İlk bakışta biraz az gelen bu listeye, Culture Pack - Viking Forefathers DLC'si ile birlikte Danlar, Geatlar ve Jütiler de eklenecek. Fakat biz şimdilik orijinal oyuna dönelim.


Total War serisindeki bir oyuna başlarken, her zaman az sayıda şehre sahip olan devletle başlamayı severim. Roma gibi büyük imparatorlukları seçerek çok sayıda şehrin daha oyunun başında kontrolüm altında olması nedense beni her zaman geriyor.
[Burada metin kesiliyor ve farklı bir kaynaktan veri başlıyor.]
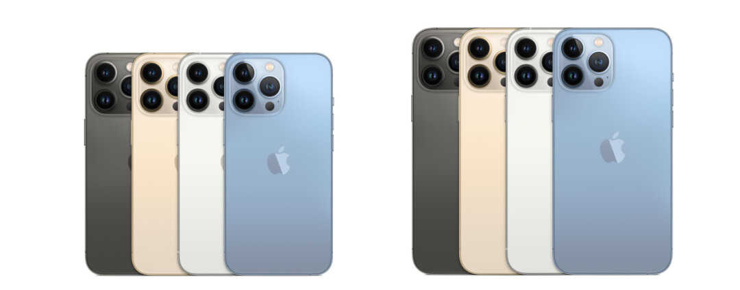 iPhone 13 Pro和iPhone 13 Pro Max采用亚光质感玻璃背板,搭配不锈钢边框,提供石墨色、金色、银色、远峰蓝色四种配色。

Bu yüzden Attila macerama Ostrogotlar ile başladım.


Diğer oyunlara göre daha güzel tasarlanmış bir giriş videosundan sonra, tanıdık sefer haritası karşıma çıktı. Arap topraklarından İskandinavya'ya, Hazar Denizi'nin doğusundan İspanya'ya uzanan geniş bir haritada buldum kendimi. Hem haritanın kendisi, hem de şehirlerin görüntüleri oldukça detaylı hazırlanmış. Savaş başlatmadan önce ilk işim ulus sekmesini incelemek oldu. Attila ile birlikte Rome II'de eksik olan pek çok şey geri gelmiş, hatta önceki oyunlara göre daha da detaylı işlenmiş.
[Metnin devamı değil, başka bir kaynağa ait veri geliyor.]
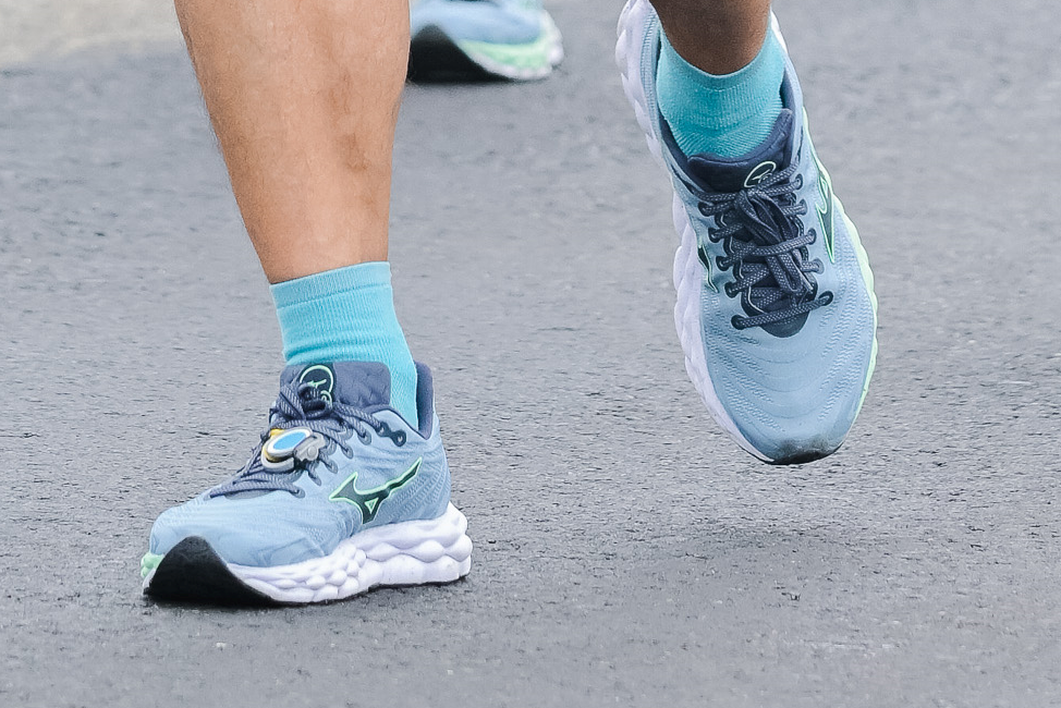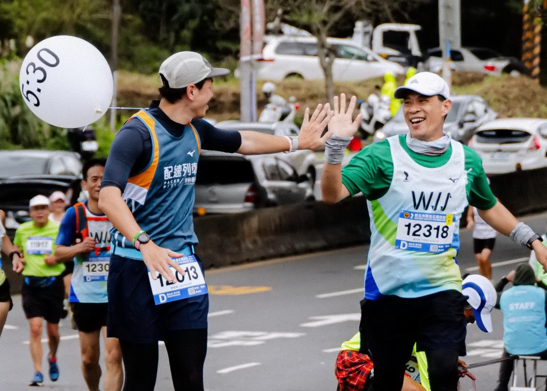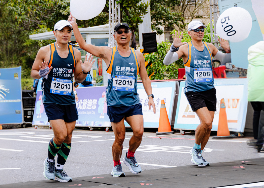 500 至 530 配速列車長穿著 MIZUNO WAVE SKY 8 陪伴跑者迎向終點。 (圖|Benson)

Ulus sekmesindeki Aile Ağacı hemen dikkatimi çekti. Oldukça kullanıcı dostu bir şekilde hazırlanmış bu sekmede tüm aile üyelerini, veya kan bağınız olmayan soyluları ve adayları görebiliyorsunuz. Burada şöyle bir sürpriz de var, aile ağacında sizin kontrolünüzde olmayan bir şekilde gayrimeşru çocuklar da oluyor. Yani ailenizdeki bireyler, seferlerde veya şehirlerde sağa sola kaçarak evlilik dışı çocuk sahibi oluyor, bu da bir şekilde size sorun çıkarabiliyor. E koskoca imparatorluk sonuçta, haber çabuk yayılıyor!


Total War Attila'da, ailenizdeki isimler hakkında da birçok opsiyona sahipsiniz. Size sürekli sorun çıkaran birine suikast düzenleyebilir, uygun bir eş arayarak evlendirebilir veya onları boşayabilirsiniz. Veya size olan sadakatini sorgulamaya başladığınız bir akrabanız ile ilişkilerinizi güçlendirmeyi deneyebilirsiniz. Tabii bunun sonucu mutlaka olumlu olacak diye bir şey yok, yaptığınız görüşmeden sonra bu akrabanızın size olan sadakati daha da kötüye gidebilir. Aynı zamanda bu bölümden valiler atayabilir, komutanlarınızı hakim, yüksek hakim, kabile reisi gibi mevki sahibi yapabilirsiniz. Bunların dışında, karakterleri (valileri, komutanları) de özelleştirebilirsiniz.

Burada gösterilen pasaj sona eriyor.